In 1935, when the park and the preserve merged, care of the animals was given to Wildlife Ranger Estes Sutter. Sutter was interested in creating a herd that looked and behaved like bison of the "old days". He worked with Native American elders and locals to determine what a "true buffalo" really looked like and culled the herd to achieve that goal.

Thanks to Sutter's early work and because the bison in the park came either from the New York City Zoo or from Yellowstone NP, Wind Cave has a very special herd. Genetic testing done in 2004 showed that Wind Cave's herd is one of the only federal herds free of cattle gene introgression. What does that mean? Early in the history of preserving bison, pioneers were challenged with not only preserving the species but also making it economically successful. To do this, many ranchers experimented with domestic cattle-bison crosses. They hoped to produce a "heartier beef breed" that would be resistant to disease, require less feed, and produce more calves. This tampering became apparent when genetic analysis revealed evidence of domestic cattle gene introgression in many of the herds examined.

Today, unlike when Estes Sutter sat on top of his car to decide which bison to keep and which to cull, park biologists strive to protect the herd through scientific testing. Ideally, "wild" bison would live in free-ranging, naturally regulated herds. But that is not possible. Most herds are confined and subjected to varying degrees of management. Therefore herd size, population structure, levels of genetic variation, and the incidence of domestic cattle introgression must be considered in their management. The park's resource specialists address these factors in all management decisions.

For Wind Cave, the effort to establish a wild bison herd started with 14 animals. The importance of that story was addressed when one of the original 14 bison died. The bison, named "Sandy" because of his light color, "succumbed to the rigors of his 24th winter" in February 1936 according to newspaper reports. "There are doubtless hundreds of buffaloes born on the plains which spent their last days in some park or zoo, but Sandy was one of the few to be born in a zoo and to die on the open range."

 
Mike Laycock prepares to release black-footed ferret.

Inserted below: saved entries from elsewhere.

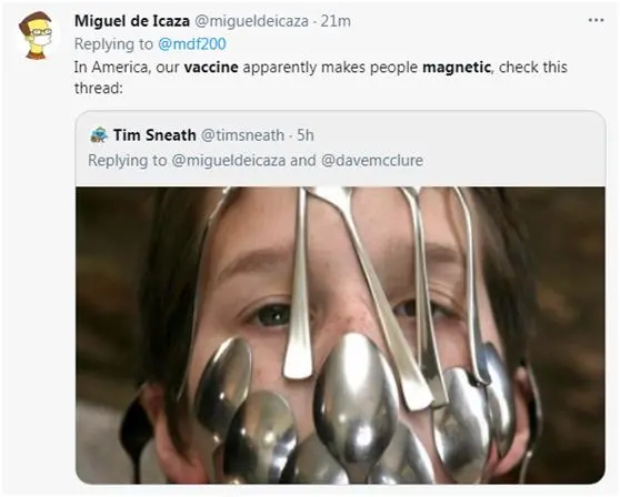 事实上,关于“疫苗会磁化人体”的阴谋论这跟去年口罩含有5G天线如出一辙,此前就有专家辟谣:新冠疫苗不含金属或微芯片,不会使接种者产生磁性。5G系统会破坏免疫系统也没有科学依据,纯属子虚乌有。
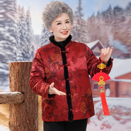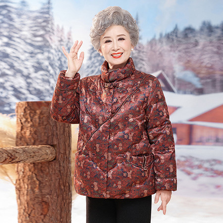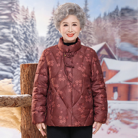 新国标90白鸭绒水貂毛领羽绒服中老年妈妈奶奶装
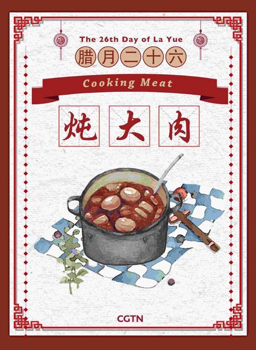 臘月二十六這天,許多家庭通常都會(huì)燉豬肉和吃豬肉。不養(yǎng)豬的家庭會(huì)去當(dāng)?shù)丶匈I一大塊肉。在過(guò)去的農(nóng)業(yè)社會(huì),人們只有在春節(jié)才能吃上肉。吃肉也代表著一年中最盛大的慶?;顒?dòng)。
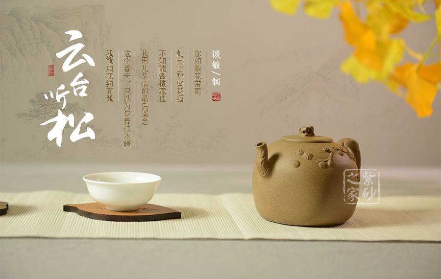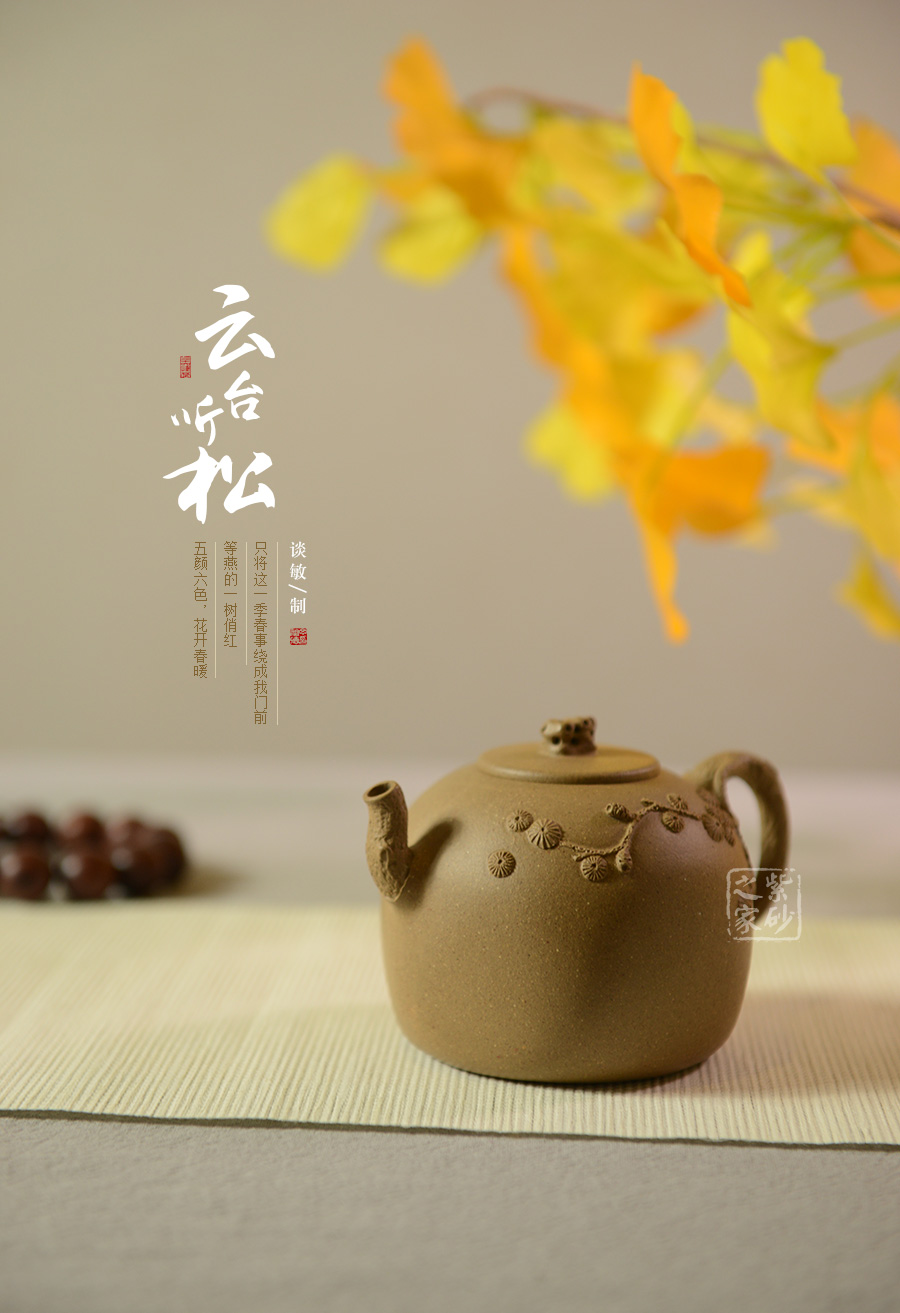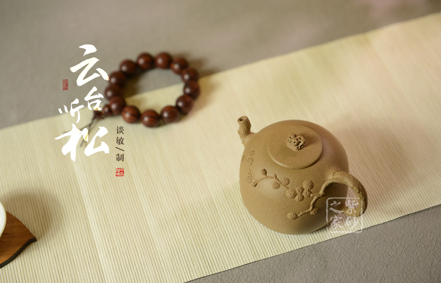 細看此壺,不禁令人想起一句詩:“靜臥云臺且聽松,不爭道旁苦李果”,與這作品對照,真是形意俱佳。厚重飽滿的壺身如同一座高山,壺嘴、壺把設計成松枝造型,便如同一顆松樹是高山懸崖邊旺盛的生長著,擁有頑強的生命力;壺蓋設計較為平坦,壺蓋之上以鏤空手機設計的壺鈕似那云臺上的亭臺,精致非常。談敏老師手工制作的此壺造型雅致,很有文人風韻,值得細細品味把玩!

National Park Service Ranger Mike Laycock preparing to release black-footed ferret.

NPS Photo by Tom Farrell

One Hundred Years and Still Going

In 2007, Wind Cave National Park continued its role as a place that reestablished native species to the Great Plains. Forty-nine black-footed ferrets were reintroduced to the park's prairie dog towns with more added in 2010. The presence of this remarkable predator helps restore balance to the prairie ecosystem and provides an opportunity for visitors from around the world to see a rare and elusive animal on the prairies of Wind Cave National Park.